5. From the throne came forth lightnings, voices and thunderings; and before the throne were seven flaming torches, which are the sevenfold Spirit of God.
Voices. Or: "ramblings"; see Ac 2:4b-13&N. The sevenfold Spirit of God. See 1:4N. 

6. In front of the throne was what looked like a sea of glass, clear as crystal. In the center, around the throne, were four living beings covered with eyes in front and behind.
In front of the throne was what looked like a sea of glass, clear as crystal. The description resembles that of Exodus 24:10 and Ezekiel 1:22,26. 

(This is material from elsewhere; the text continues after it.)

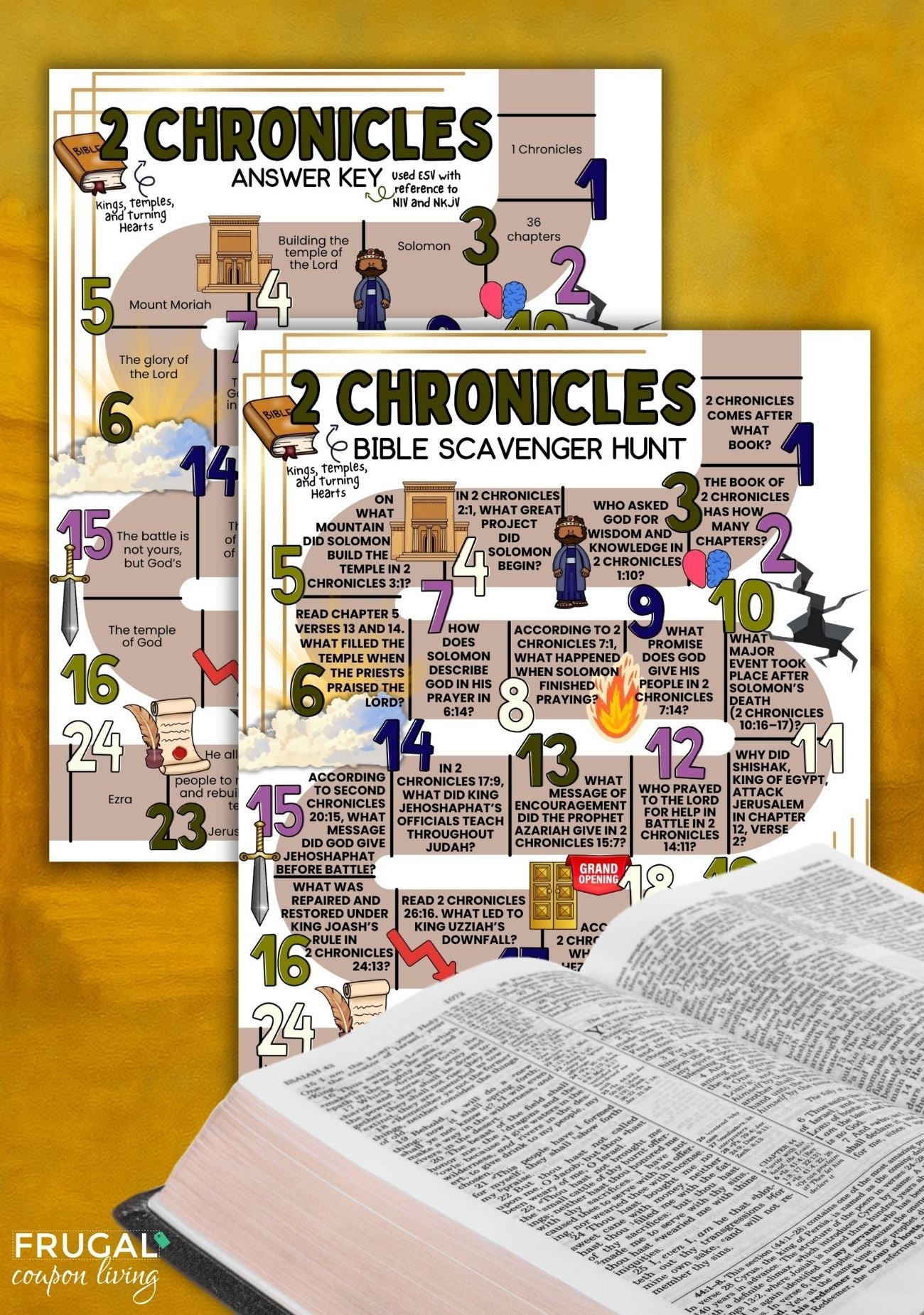 This Bible scavenger hunt focuses entirely on the Book of 2 Chronicles and follows the chapters in biblical sequence. Questions and answers are based on the ESV translation, with references to the NIV and NKJV for clarity.

7. The first living being was like a lion, the second, living being was like an ox, the third living being had a face, that looked human, and the fourth living being was like a flying eagle (Ezekiel 1:5–10).
8. Each of the four living beings had six wings (Isaiah 6:2) and was covered with eyes inside and out; and day and night they never stop saying,:
"Holy, holy, holy is Adonai, God of heaven’s armies (Isaiah 6:3; Amos 3:13; 4:13),
the One who was, who is and who is coming!”
See 1:4N, 1:8N.
Although both Tanakh and New Testament teach that God is invisible (Exodus 33:20, Yn 1:18, 1 Ti 1:17), both report that people have seen God (to be specific, God the Father; God the Son is described differently in Chapter 5). Indeed, Yochanan's vision closely resembles several found in the Tanakh. Exodus 24:9-11 says that Moses, two sons of Aaron and seventy elders "saw the God of Israel" on "a paved work of sapphire stone as clear as heaven," very much like the sea of glass, clear as crystal of v. 6a (also see 15:2). The k'ruvim Ezekiel saw closely resemble the living beings of vv. 6b-8a (Ezekiel 1:5-11; 10:12, 14-15); he also saw a man on a throne with surroundings similar to those Yochanan describes in vv. 2-6a (Ezekiel 1:22, 26-28; 10:1). The prophet Mikhayahu (Micaiah) said, "I saw Adonai sitting on his throne and all the army of heaven standing by him on his right hand and on his left" (I Kings 22:19, 2 Chronicles 18:18). Isaiah wrote, "I saw Adonai sitting on a throne, high and lifted up" (Isaiah 6:1). He too saw winged beings (s'rafim) who worshipped God in language like that of v. 8b, crying to each other, "Holy, holy, holy is Adonai of heaven's armies" (Isaiah 6:2-3), a phrase which is part of the Kedushah ("Sanctifi-cation" of God) in the synagogue prayers (see the third blessing of the 'Amidah). 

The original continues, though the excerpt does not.